Thursday, 13 June 2013

A Prominent Woman Makes an Unsuccessful Attempt to Escape Hell

Harold Armstrong Baker (1881–1971) was an American Pentecostal missionary to China from 1919 to 1950, during which he pioneered the Adullam Rescue Mission for street children in Yunnan Province, China, together with his wife, Josephine. The children in the home, mostly boys aged from six to eighteen, began to have spiritual experiences, claiming to have seen heaven through a series of visions. These visions were recounted in Baker's book Visions Beyond the Veil.

Baker was also the author of the book Plains of Glory and Gloom, and in it he deals with the question of life beyond the grave. To that end, he discusses divine revelations that people have received, and the excerpts of Baker’s report is below: 

The true church from days of old warned of hell because from time to time some of its members were taken by angels to visit it.

The Bible also tells of hell; because its writers, inspired by the Holy Spirit wrote of realities. The pagan from pre-historic times, the church from its earliest days, the Bible of the ancients in describing the horrors of hell in varying degrees according to the depths of sin and principle of judgment for sins committed.

The hell of the past is the unchanged hell of the present. As I have written in my former book, Visions Beyond the Veil, the Lord so poured out the Holy Spirit on the children of our Chinese orphanage and gave such repeated and unmistakable God-sent visions of hell that I could as easily doubt my own existence as revealed in the Bible and seen by these present-day witnesses. The children saw their acquaintances in hell. That is surely up-to-date news.
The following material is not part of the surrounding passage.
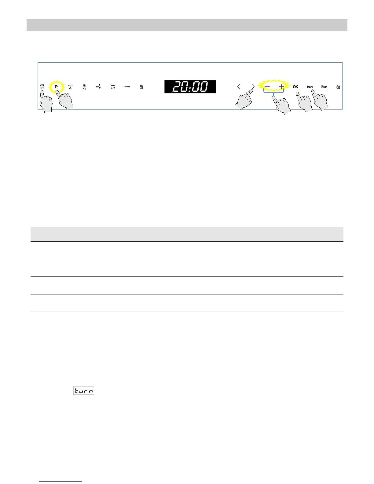 1. Press the “On/Off” key to switch the oven on.

Many similar reports recently given corroborate the same facts. For instance, when Miss D lay in a trance from which she could not be wakened for seven days, she visited not only heaven, but also hell. While in the latter place she met Miss W, who had died during the time of Miss D’s trance. As Miss D was leaving that awful place she saw Mr. C also enter the infernal region. He, too, had suddenly died. Not even the friends watching by Miss D’s side had heard of the death of this man so clearly seen.

Miss D was next conducted to a place which she described in the most terrifying language and declared that the horrible shrieks of lost spirits still seemed to sound in her ears. As she approached the burning pit, a tremendous effort was made to draw her into it; but she felt herself safe under the protection of her guardian angel. She recognized many in the place of torment whom she had known on earth, some having been considered Christians. There were princes and peasants, rich and poor, learned and unlearned writhing together in a dreadful unquenchable fire where all earthly distinctions and titles were forever at an end. Among them she beheld a Miss W, who had occupied a prominent station in society, but had died during the trance of Miss D. She said that when Miss W saw her approach her shrieks were appalling beyond the power of language to describe and that she made a desperate, but unsuccessful attempt to escape.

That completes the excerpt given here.